ただただ、つながっていたい
はじめに
寺山修司と谷川俊太郎が映像で往復書簡をしていた作品が好きだ。
なにが好きかといえば、その「距離感」である。お互いが近すぎず、遠すぎず、それでいてしっかりと思想の根っこは共有していて、アンビエント・ミュージックのような不思議な心地よさが感じられる。
今から40年前に送られた寺山から谷川へのメッセージが、全く縁もゆかりもない僕のこころに、天井のシミのごとく広がり、じっとりと染み込み、上から見下ろしている。
織山から山田へ(アンサー記事)
そんな往復書簡ではないが、自分のことについて書かれた記事にアンサーを返していきたい。今回で終わりではなく、別の人が書いてくれた記事もあるので、今のところあと2回はある予定。
今回紹介するのは、昨年度まで我が家がある北秋田市の地域おこし協力隊として活動されていて、今年度からは山菜やキノコ、川魚の販売等を行う会社を起業したHUNTの山田健太郎さんである。
下記の記事は、毎日更新中の20日目の記事で、マタギの猟について山田さんの感じたことが端的に書かれている。
私が登場する箇所を引用する。
まず「師匠のようでもある」と書かれていて、とても恥ずかしい。
本題に入る。
「いつか自分も熊に食べられたい」という話は、秋田県仙北市の大白森山まで一緒に登ったときの会話である。
このときの自分の文脈としては、人間は必ず死ぬのだから、理想の死に方のひとつとして「熊に食べられる」ということを挙げさせていただいた。
山田さんが書いているように、食う食われるの世界に「食われる側」としても参加しておきたい、ということも大いにある。
つまりは、動植物と【対等な立場でいたい】という気持ちがあるのではないか。少なくとも私にはある。対等な立場というと上から目線の、銃を片手にもったままの乱暴な考え方かもしれないが、単純によりよくつながっていたいということなのだと思う。

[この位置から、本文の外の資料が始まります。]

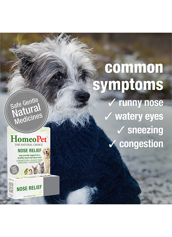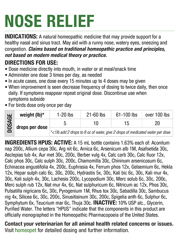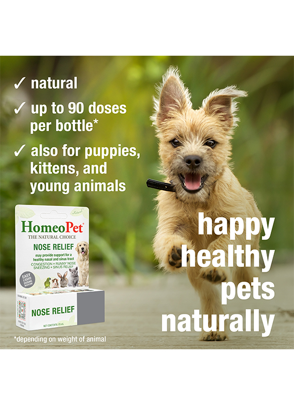 HomeoPet NOSE RELIEF remedy may naturally and safely help support certain nasal and sinus tract issues in pets, including dogs, cats, puppies, kittens, and other small animals. This easy-to-administer natural remedy may help alleviate symptoms such as runny nose, watery eyes, sneezing, and congestion.

自分は命を奪うばかりで、自分の命だけは絶対に奪われたくないというのは、自然の摂理に反したエゴ丸出しマンになってしまうのだ。
でも、山田さんと私の考えで、違う部分もある。
山田さんの場合は、生肉のままの消費を連想している。熊に美味しい太ももを食べてもらって、残りの死体は川に流れて魚についばまれて消費されていくような未来。自分もたくさん食べてきたから、自分の身体を差し出したいという願望。
これは、手塚治虫の漫画「ブッダ」に出てきたウサギの話とつながる。
熊やキツネは瀕死の旅人に対して木の実や果物などを持ってくることができたが、何も与えるものがなかったウサギは、自分自身が火に飛び込み旅人に身を捧げる話が語られている。手塚治虫の描くシッダルタの悟り、ブッダの教えは”自己犠牲”と”宇宙はひとつの生命ですべてのものがつながっている”に集約されていると思われるが、この精神性と山田さんが考える「対等な世界」は同じラインにあるのではないか。
私も同じような考え方を持っている。違う部分があるとすれば以下の部分であろうか。
「いつか熊に食べられたい」という気持ちは理想の死に方のひとつであり、その先には「山の一部になれるのではないか」という仄明るい希望があるからだ。
私は山になりたい、のかもしれない。熊に全身を食べられることで、胃の中でドロドロに溶かされ、一部分は腸から吸収され、残りの大部分はウンコとして山の中に落とされる。そして、分解され最終的には土となる。
そうなることで、私は山の一部になって、本当の意味で自然とつながることができるのだと思っているのかもしれない。冷たい墓石の下ではなく、鳥がさえずり、虫の羽ばたきがこそばゆく感じる山に染み込んでいきたい。
似てるようで微妙に違うニュアンス。同じ部分と違うところ。
もっと山田さんと話をしてみたいし、もっと一緒に山を歩いてみたい。